Tengo un jardín que es un parque público. Cumple perfectamente su cometido: anuncia la primavera con flores en los almendros, reverdece en verano, estalla en el otoño pleno de exuberancia y, a veces, hasta acoge nieve en invierno. Jardín público, mis cuadros favoritos colgados en el museo Thyssen –para mí y para otros–, todo el conocimiento a un clic si sabemos elegirlo. Y a estas alturas hemos aprendido mucho, eso es la experiencia. Solemos imaginar el paso del tiempo de forma diferente a como llega a ser. Y creemos necesitar mucho más de lo que en realidad precisamos.

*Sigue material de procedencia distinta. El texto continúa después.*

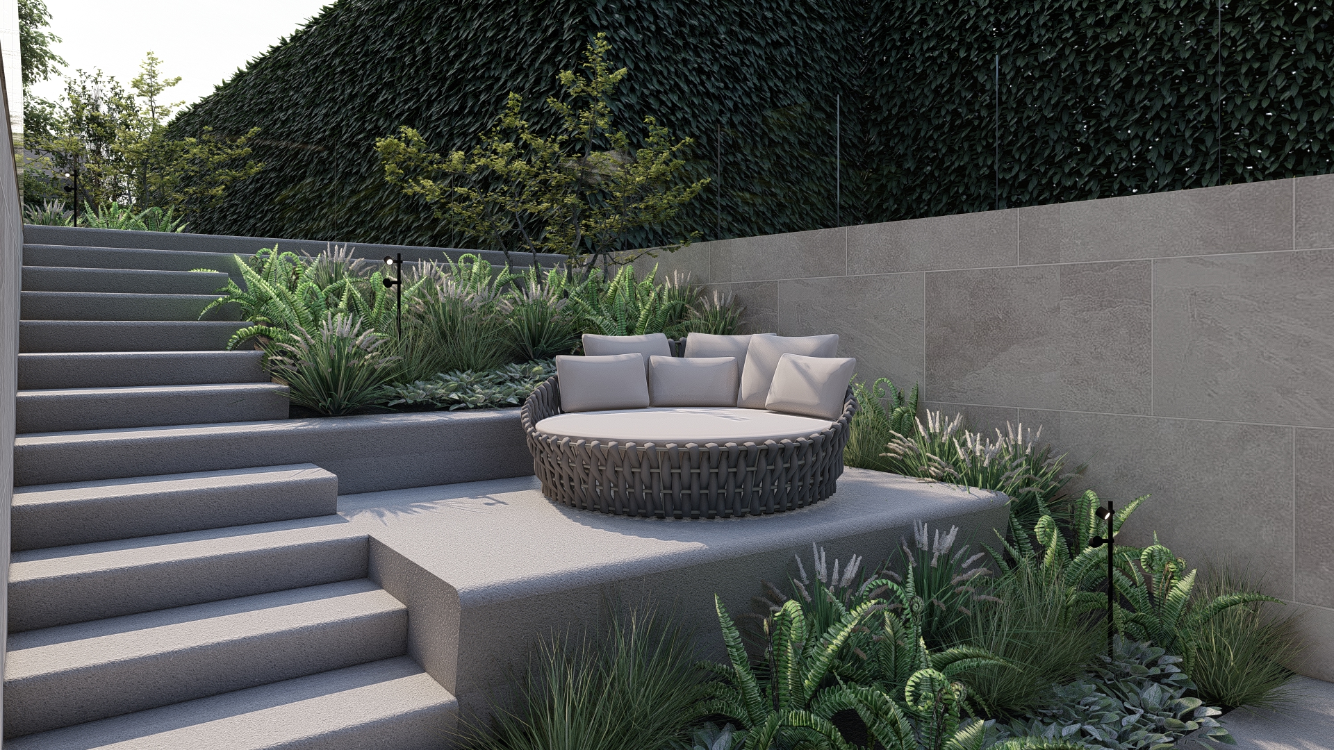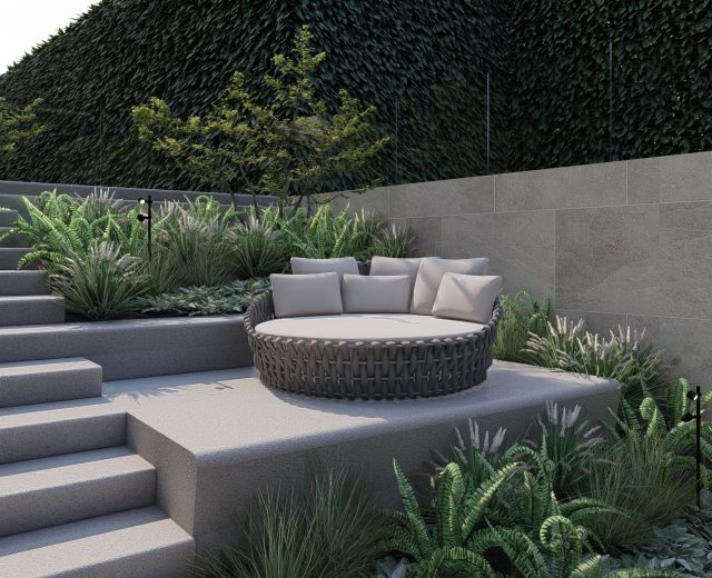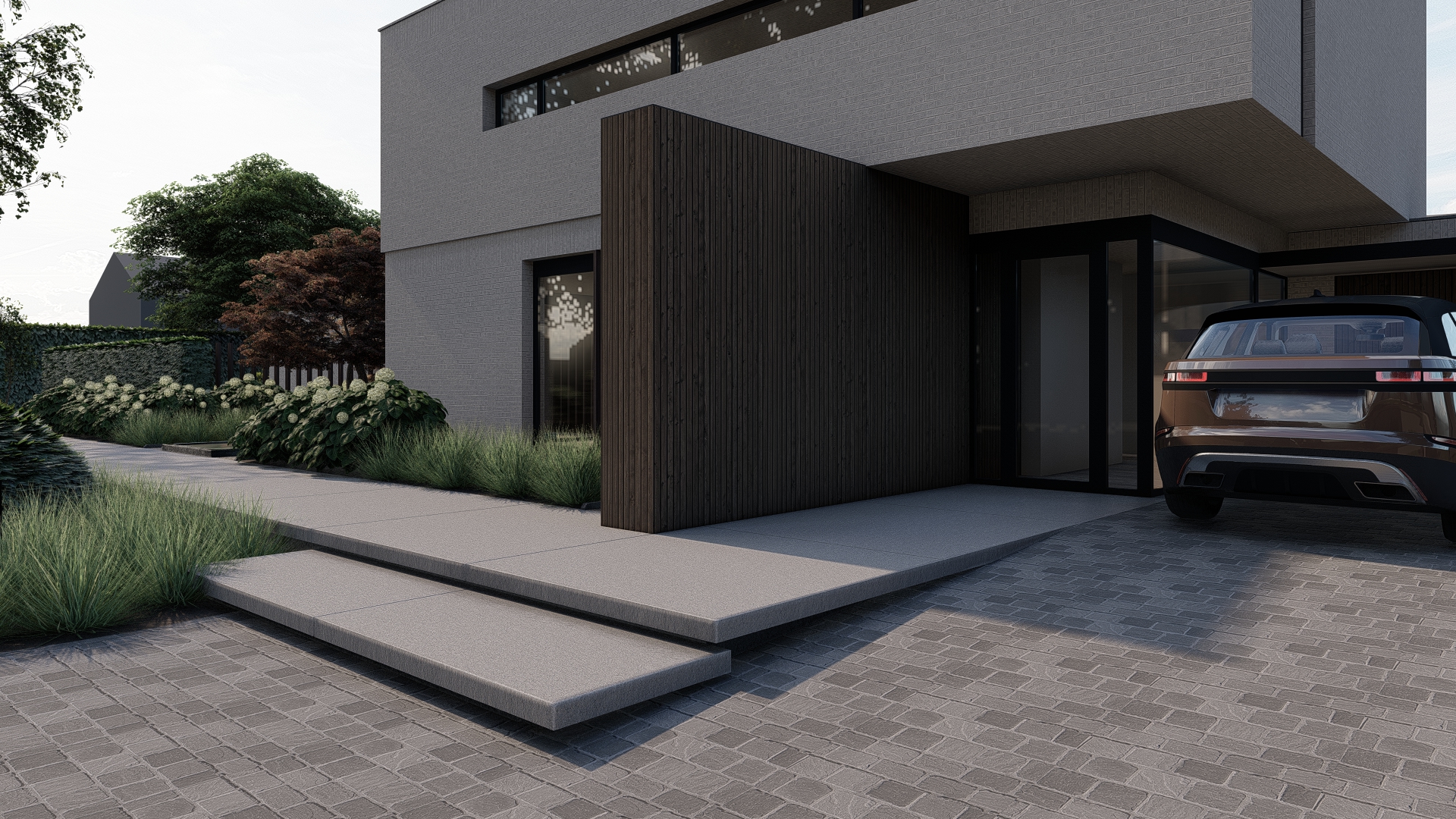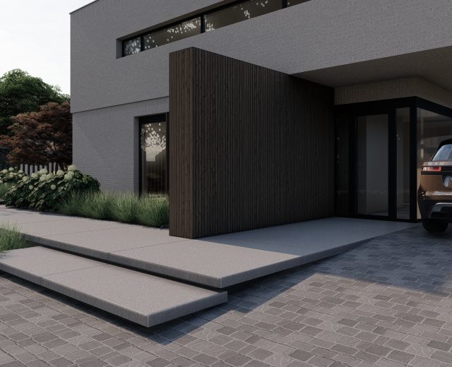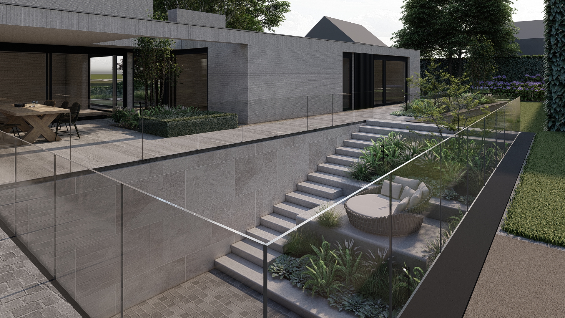 Deze villatuin is ontworpen als een strak en architectonisch verlengstuk van de woning. Hoogteverschillen, brede trappen en duidelijke niveaus zorgen voor een heldere ruimtelijke opbouw en sterke zichtlijnen. Grote vlakken in natuursteen en beton vormen de basis, gecombineerd met een ingetogen palet aan materialen.

Nacimos a mitad de un siglo, el XX, repleto de transformaciones, que dio un salto espectacular en la historia. Crecer en España entonces fue duro y más aún siendo mujer. El diseño consistía en casarse, formar una familia y perpetuar el modelo que impuso la dictadura cortando las alas de modernidades previas.
Nos pilló de lleno, sin embargo, una época que abría horizontes en lugar de cerrarlos. Las ingenuas primaveras de las flores proclamaban una libertad real y los franceses se inventaron un mayo para llevar la imaginación al poder. Fue una época expansiva en lo económico hasta que dejó de serlo, como mandan los cánones de la hegemonía reinante.
Llegó a España la democracia que disfrutaban otros. Lo hizo recortada por la mano que todo lo ensucia aquí. Fue arduo también pero valió la pena porque se alumbraron conquistas irrenunciables. Y luego la Europa soñada que se expandía en innumerables caminos, aunque tampoco ella cumplió todas las expectativas.
Vimos caer el Muro de Berlín –en mi caso en primera fila– y engrosarse de inmediato el occidente capitalista. España fue evidenciando que para edificar desde las cloacas hay que limpiar a fondo primero.
A los viejos de hoy –ancianos, mayores, como quieran– no se les puede pedir más de lo que han dado. Si el desgaste del tiempo respeta capacidades esenciales y están cubiertas las necesidades suficientes, la autonomía para disfrutar de la vida está asegurada. Tienta menospreciar la vejez.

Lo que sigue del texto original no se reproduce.